Six-week mortality in the ITT population was 20.6% (47 of 228) in the combination therapy group and 23.5% (53 of 226) in those receiving monotherapy. In the mITT population, mortality rates at 6 weeks were 19.5% (26 of 135) and 27.8% (26 of 135), respectively (95% CI of the difference, -19.0 to 1.5; 2-siede P=0.087). A successful global response was achieved at 6 weeks in 44 (32.6%) of combination therapy patients and in 61 (43.0%) of those given monotherapy (95% CI for the difference, -21.6 to 1.2). The frequency of hepatobiliary adverse events was higher in the combination group than in those receiving monotherapy (12.7% vs. 8.4%).

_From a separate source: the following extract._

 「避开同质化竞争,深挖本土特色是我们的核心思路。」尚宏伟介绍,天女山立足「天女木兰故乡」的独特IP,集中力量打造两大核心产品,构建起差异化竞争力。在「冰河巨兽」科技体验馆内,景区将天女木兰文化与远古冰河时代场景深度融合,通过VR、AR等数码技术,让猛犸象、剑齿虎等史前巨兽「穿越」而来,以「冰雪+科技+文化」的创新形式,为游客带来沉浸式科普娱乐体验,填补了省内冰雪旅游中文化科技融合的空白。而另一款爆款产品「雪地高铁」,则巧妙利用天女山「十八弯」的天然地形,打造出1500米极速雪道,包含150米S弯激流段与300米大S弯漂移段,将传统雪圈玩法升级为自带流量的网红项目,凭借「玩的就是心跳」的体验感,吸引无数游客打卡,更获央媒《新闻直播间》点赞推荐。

A post hoc analysis identified low Karnofsky score, low platelet count, and high maximum baseline galactomannan as independent prognostic factors for 6-week mortality. Not having found their desired outcome, the investigators subsequently searched for apparent differences in outcome between subgroups in addition to the multiple ones they had pre-specified  and they found one. A further post hoc analysis examined outcomes in patients with elevated serum or BAL and found that the all-cause mortality was 15.7% (17 of 108) in the combination therapy group compared with 27.3% (30 of 110) in the monotherapy group (difference, −11.6 percentage points [CI, −22.7 to −0.4]; P = 0.037). This apparent difference, however, appears to be largely limited to individuals with galactomannan indices in the range of > 0.5–1.5, with no significant difference between treatment groups in those with higher indices.

COMMENTARY

One issue not addressed in this study that could have affected results is the emergence of resistance to voriconazole in Europe, where many of the study centers were located.

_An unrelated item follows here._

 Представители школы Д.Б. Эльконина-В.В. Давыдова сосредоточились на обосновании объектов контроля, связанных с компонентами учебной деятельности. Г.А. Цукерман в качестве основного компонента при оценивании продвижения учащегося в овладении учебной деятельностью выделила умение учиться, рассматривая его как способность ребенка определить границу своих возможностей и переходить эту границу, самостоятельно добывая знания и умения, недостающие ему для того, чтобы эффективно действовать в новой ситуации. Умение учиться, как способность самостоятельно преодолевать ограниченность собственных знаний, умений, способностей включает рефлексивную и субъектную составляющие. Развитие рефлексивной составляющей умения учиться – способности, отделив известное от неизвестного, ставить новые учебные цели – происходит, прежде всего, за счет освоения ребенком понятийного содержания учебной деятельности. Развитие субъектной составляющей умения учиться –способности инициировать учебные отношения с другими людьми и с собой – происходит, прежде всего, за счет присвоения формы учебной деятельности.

This ambitious study failed to identify a survival advantage from the addition of anidulafungin to voriconazole in the initial portion of primary treatment in selected patients with suspected or documented aspergillosis. On further digging into the results, however, they concluded:

• From the Discussion: “We conclude that treatment of IA with the combination of voriconazole and anidulafungin was associated with a nonsignificant but clinically meaningful survival benefit in patients with HM or HCT.”

 From the Abstract: “Compared with voriconazole monotherapy, combination therapy with anidulafungin led to higher survival in subgroups of patients with IA. Limitations in power preclude definitive conclusions about superiority.”

 From the Editors’ Notes: “Mortality was lower with combination therapy in a subgroup of patients whose IA diagnosis was established by radiographic findings and galactomannan positivity.”

Thus, despite the lack of support from the results of the predetermined primary outcome, the authors (and editors) make a strong pitch for combination therapy, based on an exploratory post hoc subset analysis that appears to apply only to individuals with a modest range of galactomannan elevation. The validity of such a subgroup analysis deserves examination.

Sun and colleagues have listed four criteria for the assessment of subgroup analyses within individual studies and systematic reviews:2

• Can chance explain the apparent subgroup effect?

The examination of multiple subgroups, along with a P value = 0.39 raises the question of a chance effect.

• Is the effect consistent across studies?

There are no randomized trials with which to compare.

• Was the subgroup hypothesis one of a small number of hypotheses developed a priori with direction specified?

No.

• Is there strong preexisting biological support?

The result is not biologically implausible.

Thus, the reader should approach the conclusions of the authors with caution in making their therapeutic decisions.

REFERENCES

  1. Martín-Peña A, Aguilar-Guisado M, Espigado I, Cisneros JM. Antifungal combination therapy for invasive aspergillosis. Clin Infect Dis. 2014;59:1437-1445.
  2. Sun X, Ioannidis JP, Agoritsas T, et al. How to use a subgroup analysis: Users’ guide to the medical literature. JAMA. 2014;311:405-411.